On Watch the Throne, Jay-Z and Kanye West released a sprawling, flawed attempt at an epic that would — in theory — fulfill both their desires to make stadium-filling hip-hop that spoke about the black experience in America in 2011, while still managing to get in the occasional bar about how awesome/not awesome it was to be Kanye West and Jay-Z. While Watch the Throne was fun at times, be honest — there aren’t more than one or two tracks from that album you still listen to on even a weekly basis. It ended up ringing false with both artists, and proved largely forgettable. So how is it that a 27-year-old sitcom star possibly best known for videos about bros who rape other bros may have succeeded where Jay and ‘Ye failed?

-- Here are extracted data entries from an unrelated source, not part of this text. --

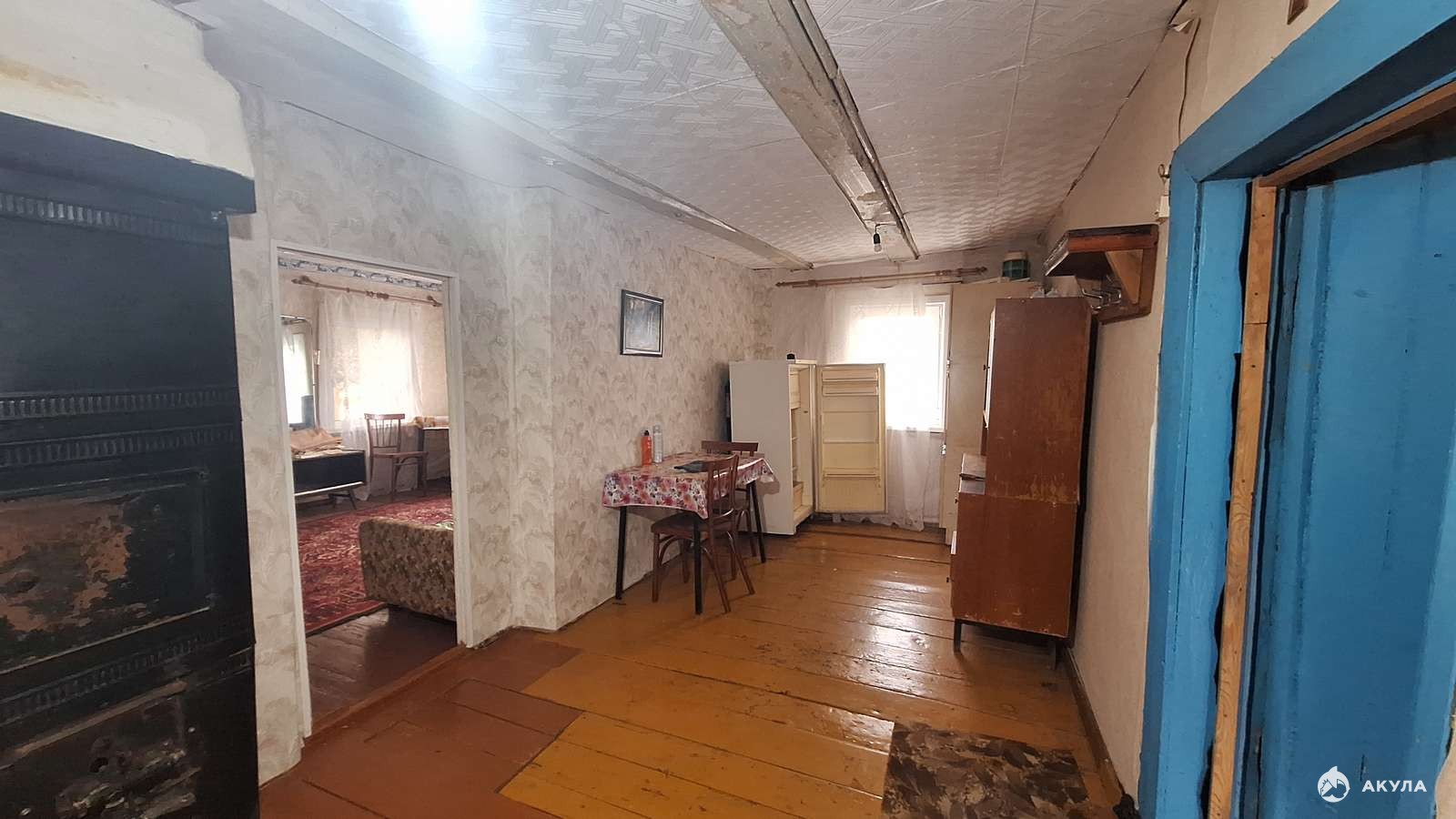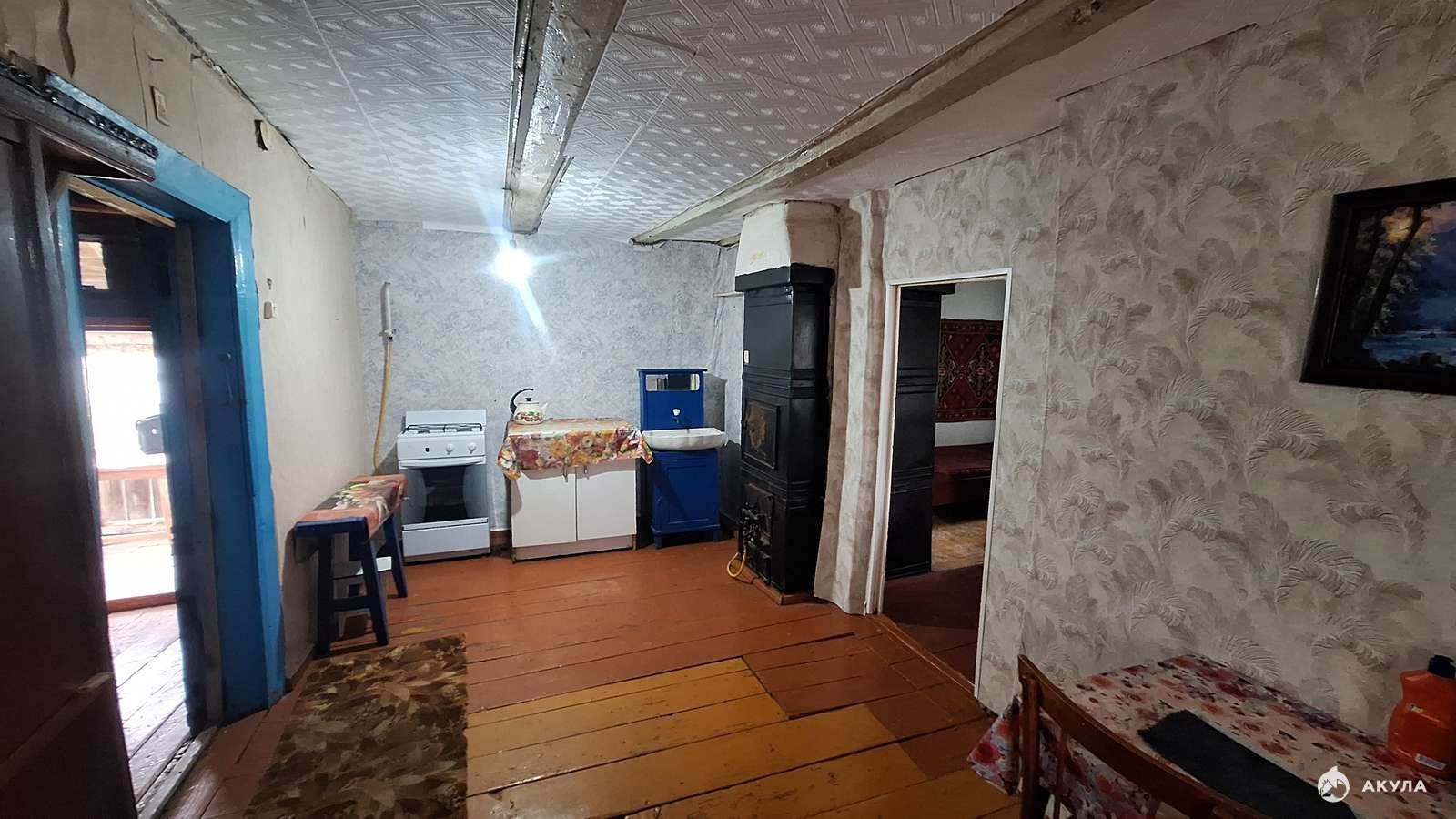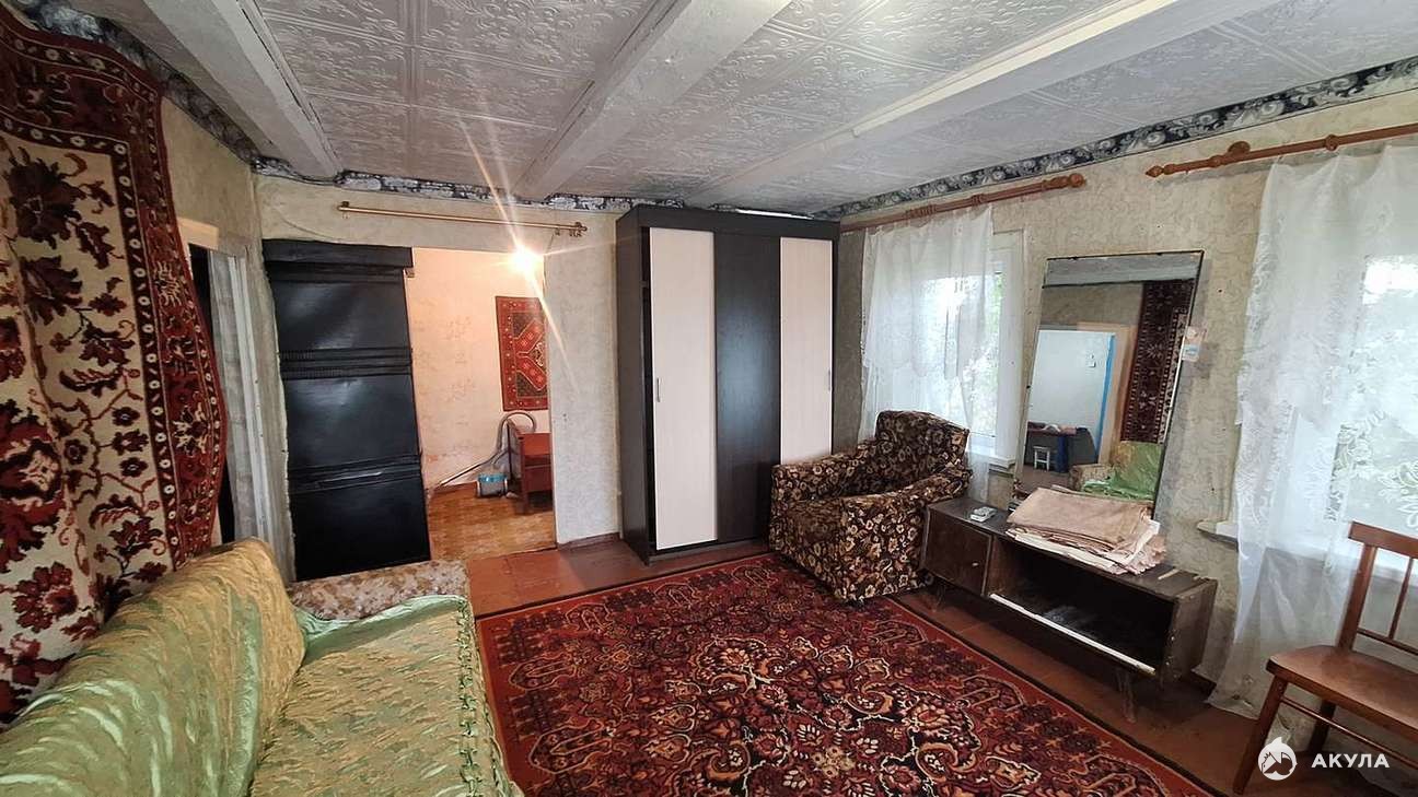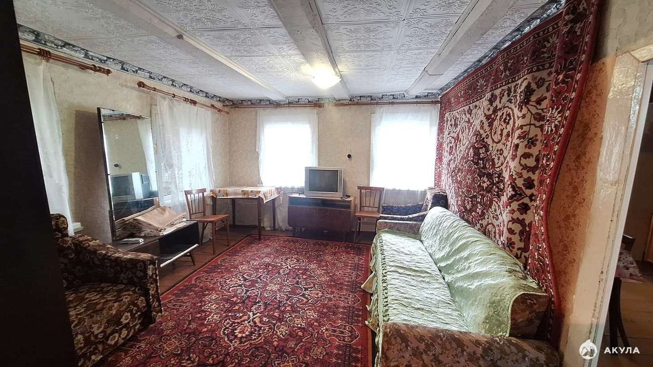 Бревенчатый, окна полностью пластик, отопление газовое. Свет, газ в доме есть. Планировка состоит из холодных сеней с кладовой под хозяйственные нужды, кухня, далее идёт зал и изолированная спальня. Воду можно завести в дом без проблем прям напротив дома есть колодец, от которого без проблем можно завести в дом воду.
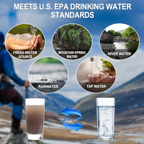 【𝐆𝐫𝐞𝐞𝐧 𝐚𝐧𝐝 𝐑𝐞𝐮𝐬𝐚𝐛𝐥𝐞】We have developed a new technology that provides a water purification tablets life of 2,640 gallons(10,000L) compared to other water filter, replacing approximately 20,000 16.9 oz single-use plastic water bottles.And it is replaceable.
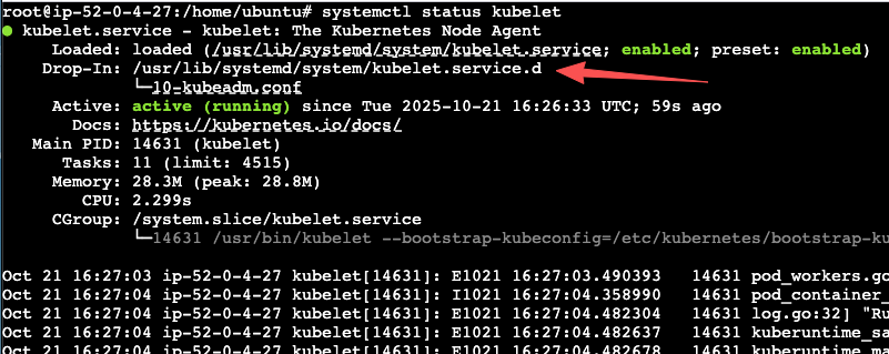 1. 进入WorkerNode 然后找出Kubelet的Drop-In 目录

For those of you who’ve never been on YouTube or waste their lives watching The Big Bang Theory on Thursdays at 8 (Seriously … stop that), Donald Glover started out in comedy in a very similar manner to how he began in hip-hop: slowly working his way from non-traditional formats (posting sketches with Derrick Comedy on YouTube: releasing EPs for free through his website) to now finding himself on the edge of stardom — if not the precipice of breaking out — and at least a solid audience and credibility with the indie crowd (Community barely hits four million viewers on NBC, but garners massive critical acclaim; Camp is being released on the more traditional, but still independent label Glassnote). With Camp, his debut physical release under rap moniker Childish Gambino, Glover makes the kind of Big Hip-Hop Statement that his sitcom made with its paintball episode (and I promise this is the last Community reference). This is a talented young man with a desire to take his music in any direction it can possibly go.

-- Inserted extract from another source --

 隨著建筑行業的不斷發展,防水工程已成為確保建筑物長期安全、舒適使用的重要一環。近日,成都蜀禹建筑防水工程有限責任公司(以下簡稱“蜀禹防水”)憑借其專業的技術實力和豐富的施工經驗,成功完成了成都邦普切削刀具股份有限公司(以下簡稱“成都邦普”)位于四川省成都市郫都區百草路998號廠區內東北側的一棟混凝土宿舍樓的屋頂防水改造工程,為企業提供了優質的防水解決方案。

Lyrically, Gambino has always produced solid, quotable lines. After all, he was a writer before he got into acting (as many of his old songs will inform you, he won an Emmy for writing on 30 Rock) and still produces some of the best verses you’ll hear in hip-hop this year. However, whereas EPs like Culdesac and Be Alone occasionally got bogged down in hashtag rap and trying to convince people he’s actually a rapper, Camp, for the most part, abandons that format, and it’s telling. “Backpackers”, the album’s lone song that succumbs to that outdated style of rap, is the worst song on the album. This time around, Childish Gambino has truly fulfilled his desire to provide listeners with something real. Elements of actual story-telling and emotional outpouring fill Camp with a lifeblood that other mainstream rap records just haven’t had this year.
The album begins with its mission statement, “Outside”, a song both bigger in scale and somehow more intimate than most anything else hip-hop has seen this year. Gambino delivers heartbreak through couplets about his parents struggling just to move up to the projects (“that sound fancy to me”, he deadpans) before delivering a message to his cousin – and perhaps the entire black community — to not allow society to define who they are. The genius of Glover is his ability to comment on the experience of his own personal struggle, or the struggle of young, nerdy, middle-class African American kids he seeks to entertain, while at no point feeling exclusive. For every line about growing up poor, there’s another about growing up as an outsider at “that white school.” Camp is not a record for black kids or white kids or Asian girls (though there’s a lot on this album for all of you, especially the latter) — it is an album for the underdog.
One of the criticisms often levied against Childish Gambino are those of sexism, including a lengthy critique of Glover’s “Woman Problem” on Tumblr!!http://chocolatewastedberries.tumblr.com/post/6114155042/rape-is-hilarious-donald-glover-edition!!. While there are still some rough lines on Camp that are difficult to go to bat for (“You better shut your mouth/before I fuck it”, he responds to those who think they’re “allowed to say what all his raps are about”) he changes up his style on Camp by upping the stakes and spreading the loathing around: Throughout all of the album, we’re all kind of awful: men, women, and more than anyone, himself. A large part of the record deals with the emotion and anger that can come from young love gone bad. The fact is, people jump really easily into writing things off as misogynistic when it’s actually just about intense emotion and shouldn’t be applied logically. In the end, Gambino is caught up in the moment, and never turns the loathing harder on anyone other than himself.
Musically, however, is where Gambino improves tenfold. Ludwig Goransson’s production has taken Glover from largely laptop rap — or, even worse, spitting over whatever indie buzz band has Pitchfork’s attention at the moment — to a full band production combining sounds as diverse as ’90s hip-hop and R&B, to modern techno and dubstep on the record’s best song, “Heartbeat”. The album is a juxtaposition of mostly depressing, self-loathing rap mixed with some of the most enjoyable post-Graduation music.
In the end, Childish Gambino has produced a grand statement with Camp. The question of if the masses will hear it becomes the only question. This album is undoubtedly one of the best records of any genre to come out in 2011, and finally sets Donald Glover up as a “serious” rapper. It’s an album even Abed might be able to get emotional over (Sorry, I lied).